A few things to note here. The command uses `python3`, not `python`. The base image is Debian-based and does not alias `python` to `python3`, so using `python` will fail with a "not found" error. I also use the Python API directly (`snapshot_download`) rather than the `huggingface-cli` command because the CLI binary can end up outside of `$PATH` after upgrading `huggingface-hub` during the Transformers install.

GLM-OCR is a public model under the MIT license, so no authentication token is needed. You will see a warning about unauthenticated requests having lower rate limits, but the download completes fine.
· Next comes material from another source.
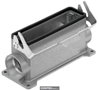 Surface mounted housing, Size: L32 B, High construction, Single locking lever, Steel, zinc plated, Side entry, 2x M40, Material (hood/housing): Aluminium die-cast, Powder-coated, RAL 7037 (dust grey), Material (seal): NBR

If you want faster downloads during builds, you can set `HF_TOKEN` as an environment variable in RunPod's build settings.

The resulting image is around 10.5GB. That is large by general Docker standards, but completely normal for ML serving images and well within RunPod's limits.

## Deploying on RunPod Serverless

Push the Dockerfile to a public GitHub repository. I use [github.com/matija2209/ocr-docker](https://github.com/matija2209/ocr-docker) for this.

In RunPod, create a new Serverless endpoint and select **Build from GitHub repo**. Point it to your repository. You do not need to set a container start command because the `CMD` in the Dockerfile already handles it.

No environment variables are required for the basic setup. The model is public, the port is configured, and the weights are in the image. Just deploy and wait for the build to complete.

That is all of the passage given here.